Transient episode of symptoms due to abnormally excessive or synchronous neuronal activity in the brain
Define epilepsy
Neurological disorder characterised by recurring seizures
At least two unprovoked seizures occurring more than 24 hours apart OR
One unprovoked seizure and a probability of further seizures similar to the general recurrence risk (at least 60%) after two unprovoked seizures, occurring over the next 10 years OR
Diagnosis of an epilepsy syndrome
Define status epilepticus
Prolonged convulsive seizure lasting for 5 minutes or longer, or recurrent seizures one after the other without recovery in between
List causes of epilepsy and risk factors for epilepsy
Structural – stroke, trauma, malformation (genetic or acquired)
Genetic
Infectious – due to infection in which seizures are a core symptom (not seizure due to acute infection e.g., meningitis) e.g., tuberculosis, cerebral malaria, HIV
Metabolic – porphyria, pyridoxine deficiency
Immune – anti-NMDA encephalitis
Risk factors:
Prematurity
Complicated febrile seizures
FHx
Head trauma, infections, traumas
Cerebrovascular disease
Dementia and neurodegenerative disorders
Describe the classification of seizures
By area of onset:
Focal – start in a specific area, in one hemisphere
Generalised – involve both hemispheres
Focal to bilateral – begin in one hemisphere but spread to both
Level of awareness – aware, impaired awareness, loss of consciousness (all generalised)
Motor and non-motor
Specific types:
Generalised tonic-clonic – increased tone then jerking, with tongue biting, incontinence, groaning, irregular breathing
Myoclonic – brief, rapid muscle jerks
Atonic – ‘drop attacks’, brief lapses in muscle tone
Absence – brief episodes, blank, staring into space and then abruptly returns to normal, unaware of surroundings and don’t respond
Describe the rules for driving with epileptic seizures
First seizure:
Can’t drive for at least 6 months, 12 months if high-risk for another seizure
Established epilepsy:
Can drive if 12 months seizure-free, or 6 months if seizure was due to medication change
If seizures only during sleep can drive if only had seizures during sleep for past 3 years
Describe the pharmacological management of epilepsy
Generalised tonic-clonic:
Sodium valproate first line in males or women unable to have children
Lamotrigine or levetiracetam first line for women and girls able to have children, and second line for men
Focal seizures:
Lamotrigine or levetiracetam first line
Second line – carbamazepine
Absence seizures:
Ethosuximide first line
Sodium valproate second line
Myoclonic seizures:
Sodium valproate first line for males or women unable to have children
Levetiracetam first line in women able to have children
Atonic/tonic seizures:
Sodium valproate first line for males and women unable to have children
Lamotrigine for women able to have children
Describe the mechanism of action of anti-epileptic drugs
Sodium valproate – increases GABA activity
Carbamazepine – increases refractory period of sodium channels
Lamotrigine – sodium channel blocker
Levetiracetam – binds to SV2A protein to modulate neurotransmitter release (unknown exact mechanism)

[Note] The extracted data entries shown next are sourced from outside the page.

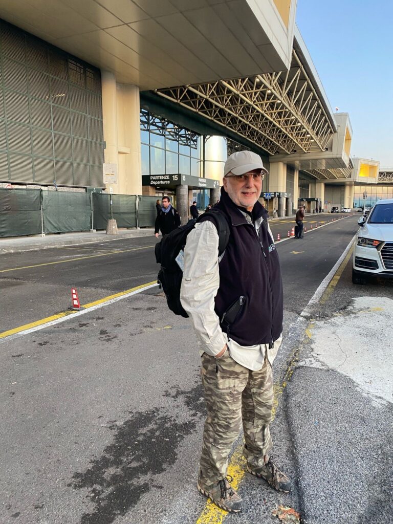 Per cui via all avventura! Che comincia subito con la scommessa di far stare tutto in un solo bagaglio a mano di max 7 kg, limite per questo biglietto…per cui dopo varie prove e rinunce mi ritrovo a 69,5 anni a partire solo con uno zainetto tattico nero da incursore delle forze speciali che, riempiendo le tasche della camicia con le cose più pesanti, riesce a pesare solo 7,8 kg, mio vero record personale: per la prima volta in vita mia parto per un viaggio intercontinentale da vero hippy Backpacker ( pensionato attempato, anzi calvo… ) , senza trolley, valige o borsoni vari con rotelline….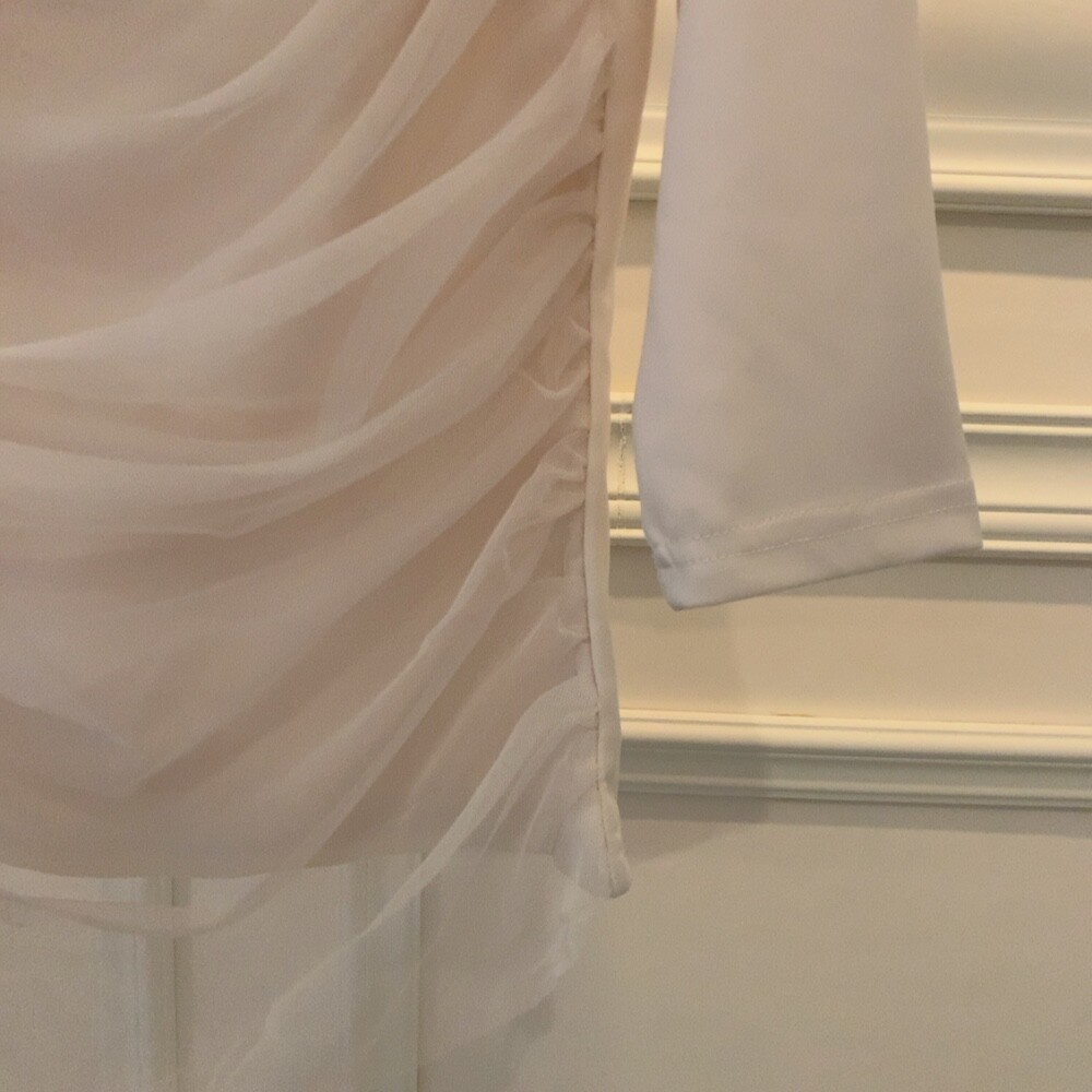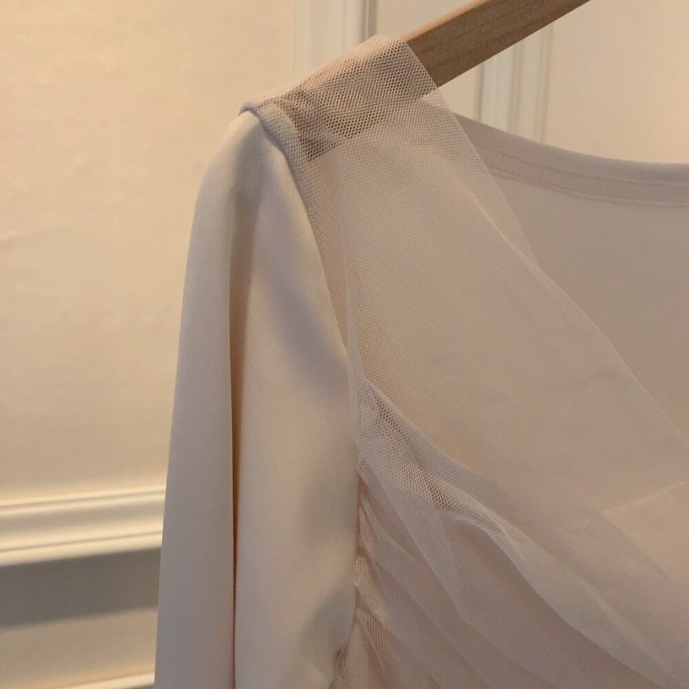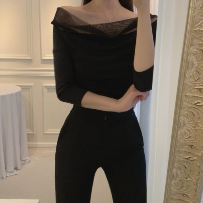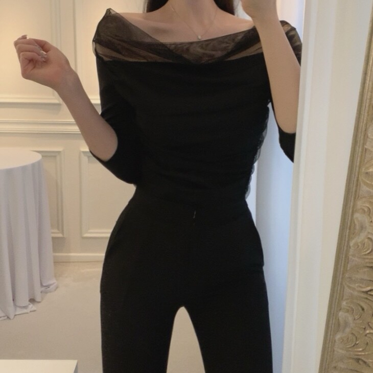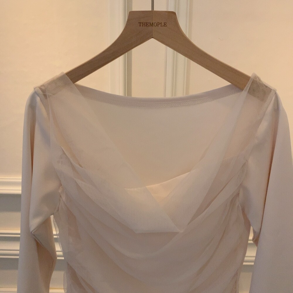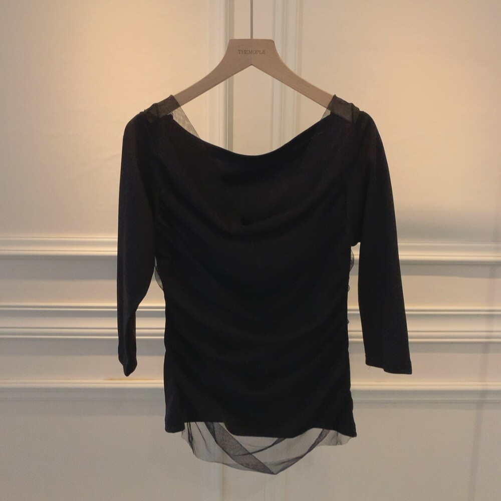 시스루 망사 오간자 드레이프 주름 셔링 7부 소매 블라우스 티셔츠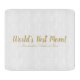 World's Best Mom personnalisées script personnalisé texte élégant joli plateau de coupe en verre. Texte en faux or entièrement personnalisable, arrière - plan blanc. Grand cadeau pour la Fête des Mères vous pouvez customiser le texte du bas avec les noms des membres de votre famille, enfants, enfants, etc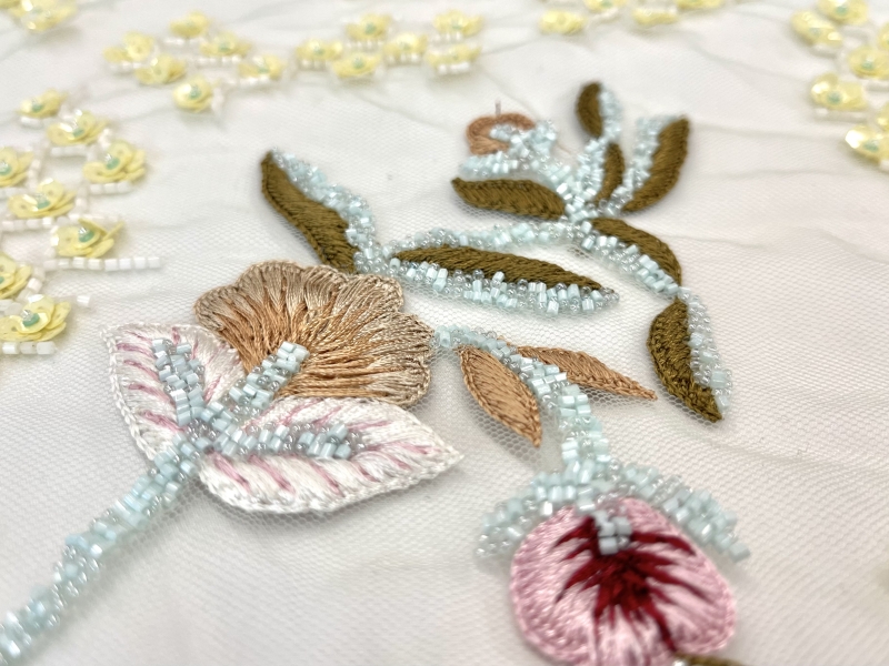 Embroidered Illusion with Sequins and Seed Beads Embellishments

List the major side effects of anti-epileptic drugs
Sodium valproate:
Increased appetite, weight gain
Alopecia, curly regrowth
P450 enzyme inhibitor
Ataxia
Tremor
Hepatitis
Pancreatitis
Thrombocytopaenia
Teratogenic – neural tube defects (do not used in women of childbearing age)
Carbamazepine:
P450 enzyme inducer
Dizziness and ataxia
Leucopaenia, agranulocytosis
SIADH
Visual disturbance – diplopia
Lamotrigine:
Stevens-Johnson syndrome
Which antiepileptic drugs are safe in pregnancy?
Lamotrigine and levetiracetam are safest
How is status epilepticus managed?
A-E assessment
Oxygen
Check BM
IV benzodiazepines – lorazepam or diazepam
(pre-hospital – PR diazepam or buccal midazolam)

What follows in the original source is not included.